FIG. 4 is an expression graph which exemplifies the SuperClustering
of the clusters and possible outliers identified in FIGS. 3A-C. Two
SuperClusters are identified and shown in FIG. 4. As described
below, the probe clusters of a GeneBin are analyzed for possible
SuperClustering with the other probe clusters within a GeneBin.
When testing groups of candidate probes within a GeneBin or a whole
genome for SuperClustering, all clusters to a GeneBin must be
tested.
[0103] Referring now to FIG. 5, a diagram illustrating a method of
SuperClustering is shown schematically in accordance with the
present invention. At event 180, clusters within a GeneBin are
obtained using the methods described for cluster formation above.
At event 190, the clusters within the GeneBin are ranked by quality
based on the CAST round in which the cluster was identified.

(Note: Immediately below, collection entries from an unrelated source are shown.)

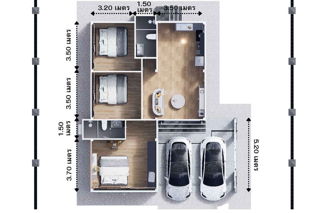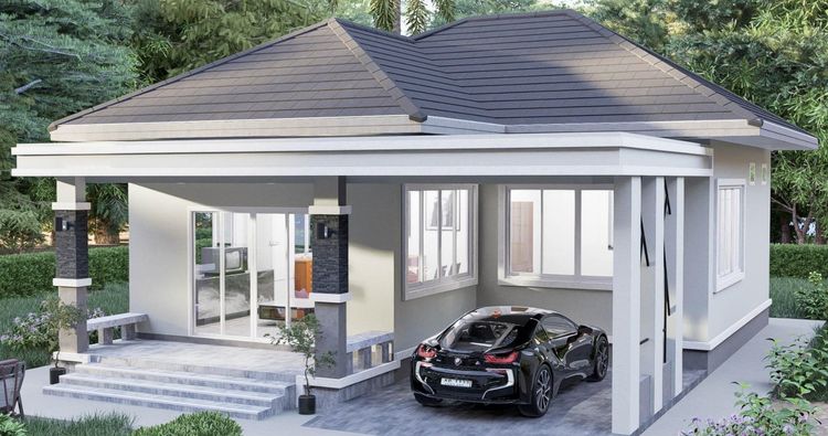 บ้านเดี่ยวชั้นเดียว สไตล์คอนเทมโพรารี่ หลังคาทรงปั้นหยา บ้านสวย ทำเลใช่ ราคาโดนใจ โซนนิคมพัฒนา
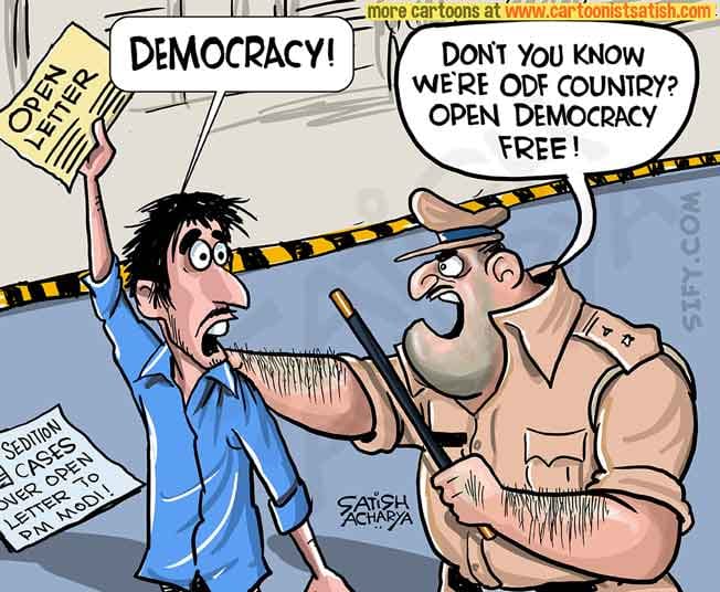 Satish Acharya weighs in on the sedition case filed against 49 celebrities who had written an open letter to PM Modi and expressed concern about growing intolerance in India. The cartoonist also makes a pointed reference to the Modi government’s flagship Swachh Bharat Abhiyan, which aims to make India “ODF” or “open defecation free”.
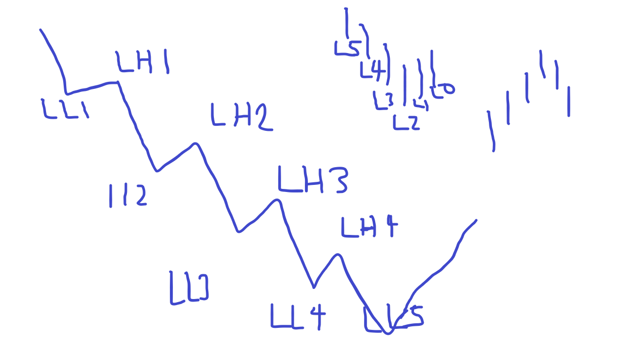 In between each lower lower there will be a Lower High (which could be the opposite of the description of the Lower Lower above).
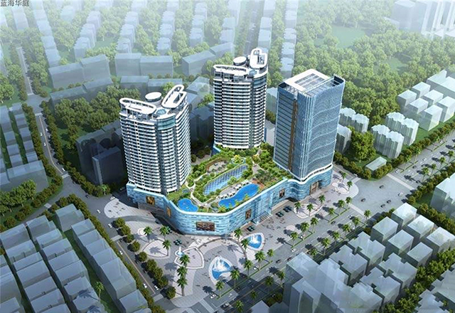 蓝海华庭项目是由海南伟龙旅业有限公司建设的大型城市综合体项目,用地建筑面积27295㎡,总建筑面积168948.01㎡,总12亿元人民币,是海南省重*点工程项目之*一;“蓝海华庭”项目由百货商业、写字楼、住宅组成的大型城市综合体,配套设施较为完善。项目一至四层裙楼建筑面积4.3万平方米是包含大型百货、餐饮、电影院、娱乐等各类业态分布齐全的商业,五层架空层是环境优美的空中花园、会所和设计独*特的游泳池,六层以上是由北面两栋26层高、建筑面积4.3万平方米的住宅楼和东南面一栋22层高,建筑面积2.5万平方米的写字楼组成,另外还建有建筑面积5.8万平方米的地下三层地下室,主要功能是超市、停车场及提供小区内的设备用房。小区停车位达到1180个,是目前三亚市中*心大型地下停车场之*一。
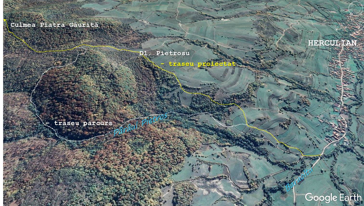 Traseu: HERCULIAN (Gura Pietrosului) – Dl. Pietrosu – Valea Pietrosului – Culmea Piatra Găurită – Dl. Mateiu Mare – Furnalul Botvaj – Valea Bradul Mare – Dl, Roșu – Dl. Negru – Refugiul Cucu – Vf. Cucu – Cabana de vânătoare Cucu – La Mestecăniș – Piciorul Scurt – Valea Negrului – Valea Baraolt – Gura Pietrosului
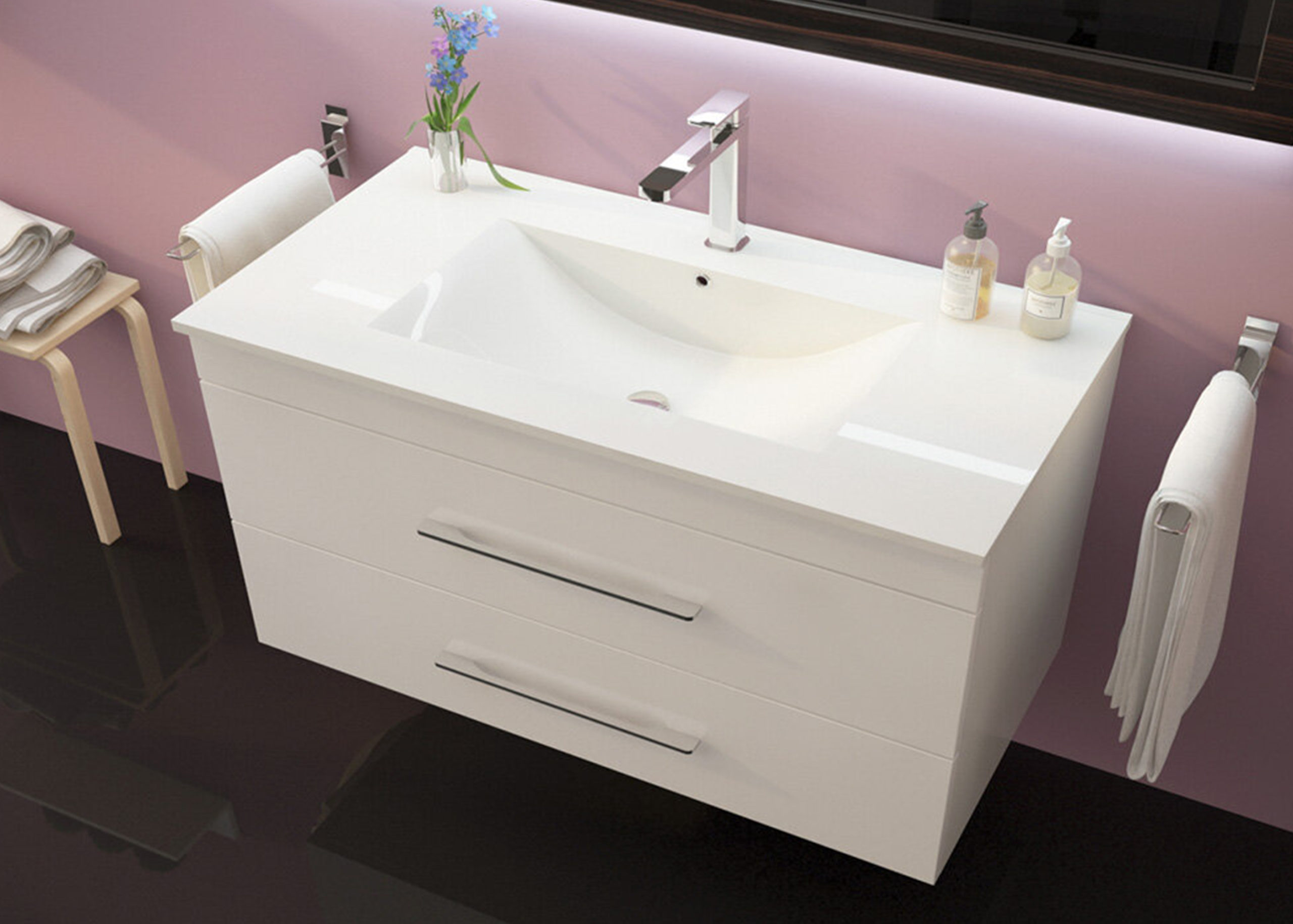 Umývadlo s prepojenými bočnými plochami, riešené symetricky. Určené na položenie na skrinku či pult. Monumentálny dojem dotvorí veľkorysé architektonické riešenie.
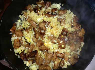 - Snijd de ui in halve ringen of blokjes, bak ook met het vlees goudbruin.
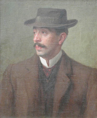 Composición rectangular, orientación vertical. Retrato de busto de un hombre, ocupando gran parte de la composición. Tiene el cuerpo de frente y la cabeza de medio perfil hacia la izquierda. Lleva sombrero marrón de ala estrecha y viste chaqueta marrón chocolate, bajo la cual se asoma otra prenda marrón oscuro con cuello pico, pañuelo marrón con manchas rojas y cuello de camisa blanco. Tiene el cabello corto y castaño, las cejas arqueadas, los ojos cansados, la nariz grande, los labios carnosos y lleva bigote. El fondo es neutro, de color verde grisáceo.
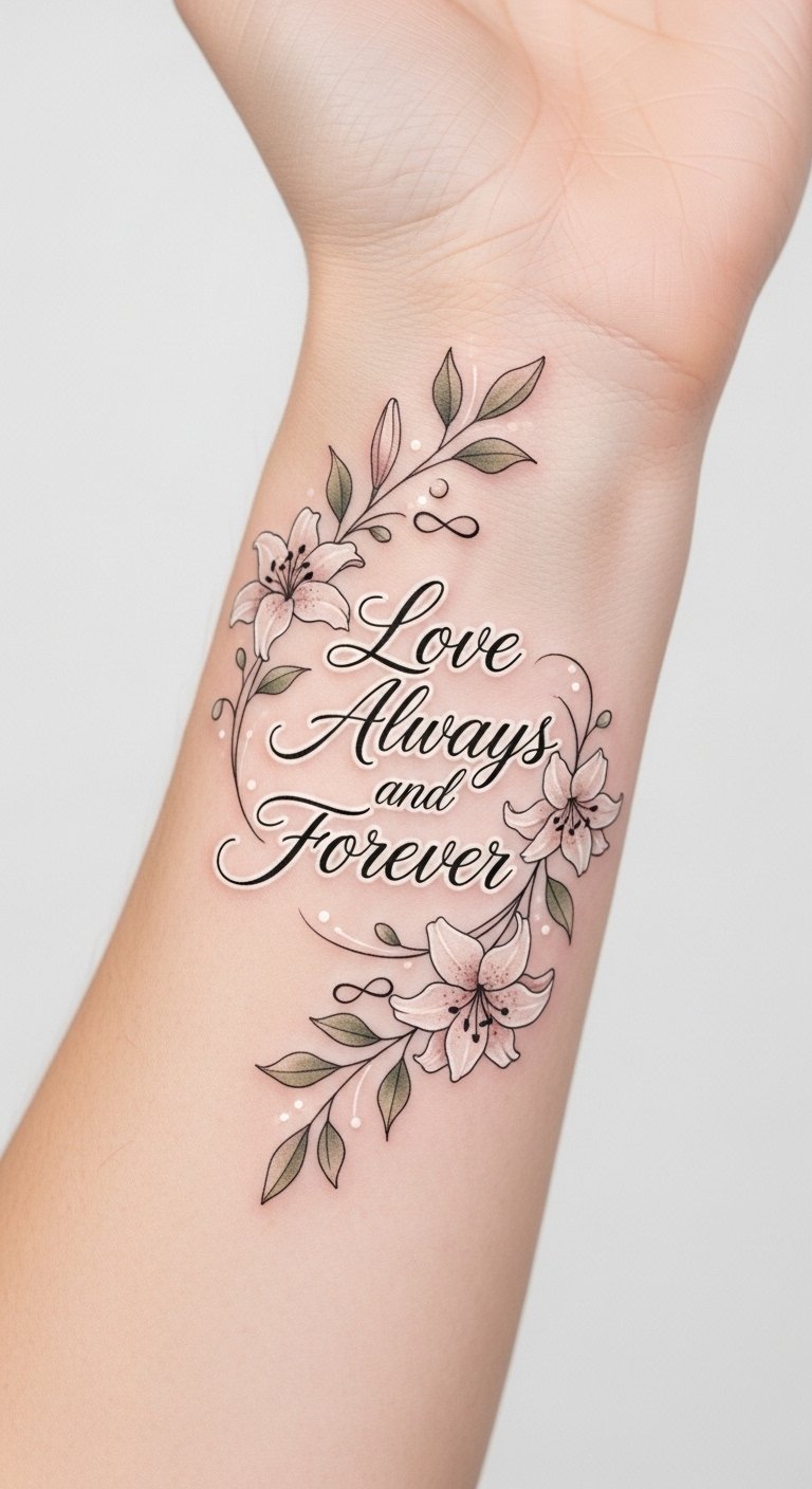It invites you to reflect on your own connections, urging you to celebrate the relationships that shape your life and define your freedom. The entwined lilies and hidden infinity loops reinforce themes of purity, continuity, and enduring commitment; the soft watercolor tones add vulnerability and warmth, while the fine-line script and curved placement along the inner wrist or outer forearm make it intimate yet visible—ideal for someone who wants a constant, gentle reminder of lasting love and personal liberation.
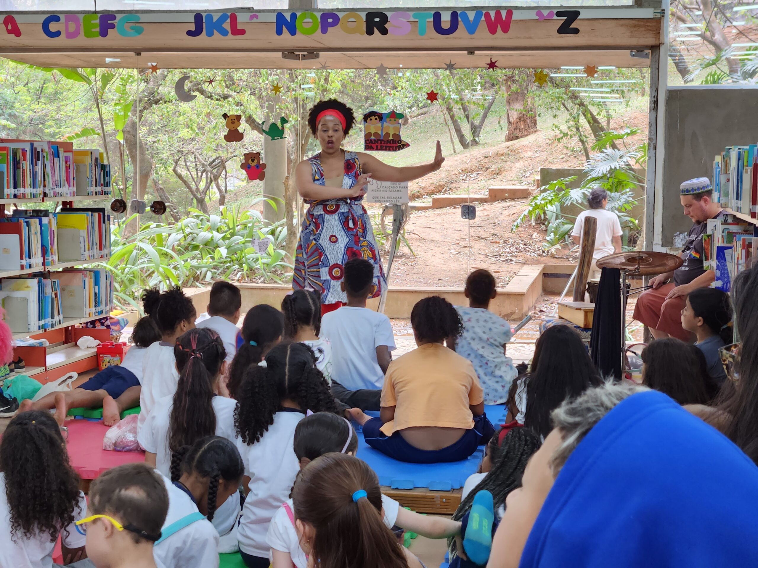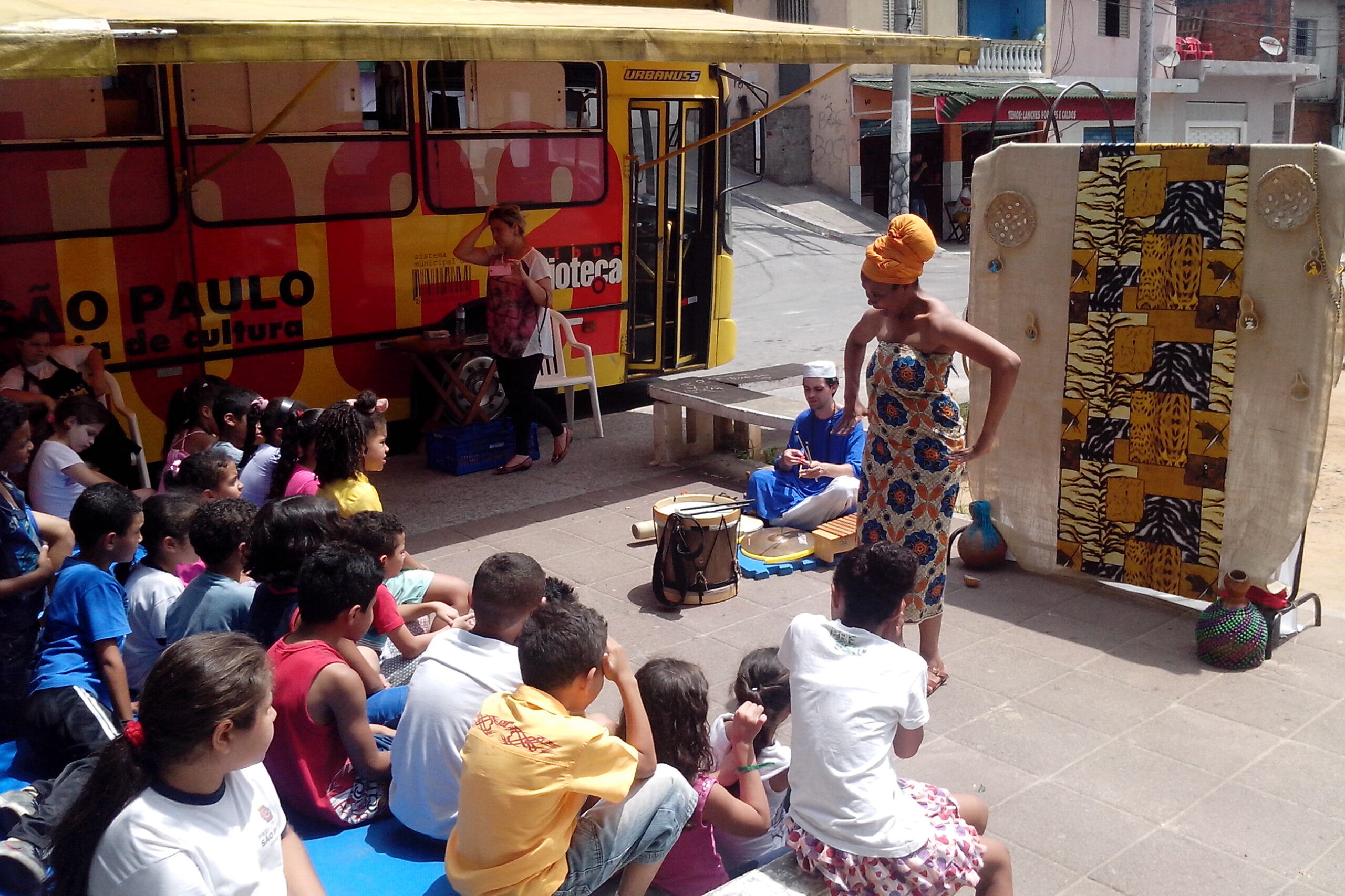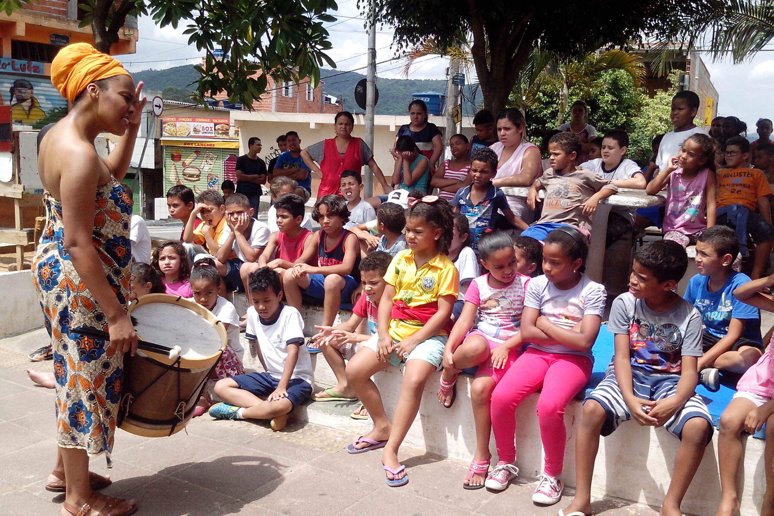 Contação de histórias afrocentradas, oficinas criativas e formação cultural para escolas, eventos e projetos sociais em todo o Brasil.
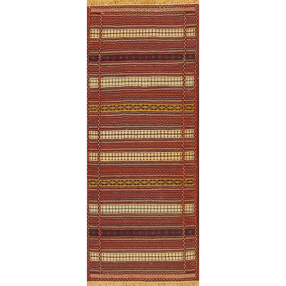 Striped Kilim Sirjan Persian Runner Rug Wool Flat-woven Hallway Carpet - 2'5" x 6'8"
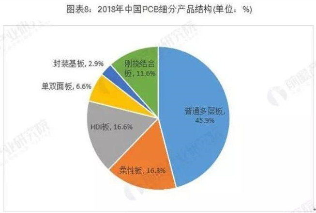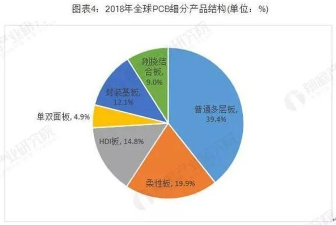 根據(jù)Prismark的統(tǒng)計,2018年全球PCB細分產(chǎn)品的市場結(jié)構如下:

Clusters may also be ranked in event 190 by cluster score
information. The quality score of a cluster is a measure of the
likelihood of such a cluster occurring if data from unrelated
probes from the data set were clustered. High probability clusters
are clusters where the cluster data of probes is much more tightly
associated than would be expected from randomly selected data. High
probability clusters are given a high score.
[0104] Five clusters shown at event 190, are ranked 1 through 5,
with cluster 1 being the highest ranked cluster in the GeneBin and
cluster 5 being the lowest ranked cluster. At event 200, candidate
probes from cluster 1 and cluster 2 are re-clustered using an
algorithm such as CAST, with a cluster threshold set below
thresholds used originally to form the clusters, to form a
SuperCluster at event 210. The threshold for SuperClustering may be
about 10% below the lower of the two original cluster thresholds,
but generally will not be less than about 70%. For the clusters 1
and 2 to continue as a SuperCluster in event 210, the SuperCluster
must contain a sufficient proportion of each of the original
clusters probes (e.g. 70% of the probes). If the new cluster formed
by clusters 1 and 2 does meet these criteria, they form a
SuperCluster in event 210. Probes from cluster 1 or 2 that do not
fall into the new SuperCluster are labeled as SuperCluster outliers
at step 220. If the clusters 1 and 2 do not meet the SuperCluster
threshold, then cluster 2 is set aside (not shown in FIG. 5) until
all other clusters (e.g. 3, 4 and 5) have been tested for
SuperClustering with cluster 1. If cluster 2 does not form a
SuperCluster with cluster 1, cluster 2 is used as the seed of a new
round of SuperCluster analysis, and any subsequent clusters that
have not joined the first SuperCluster produced with cluster 1, are
tested for SuperClustering with this new SuperCluster (generated
from cluster 2).
[0105] At event 230, the newly formed SuperCluster of event 210 is
subjected to SuperCluster analysis for possible SuperCluster
formation with cluster 3 from the GeneBin. Similar SuperCluster
analysis is performed as described above, and the probes of cluster
3 are considered either in a SuperCluster (with clusters 1 and 2)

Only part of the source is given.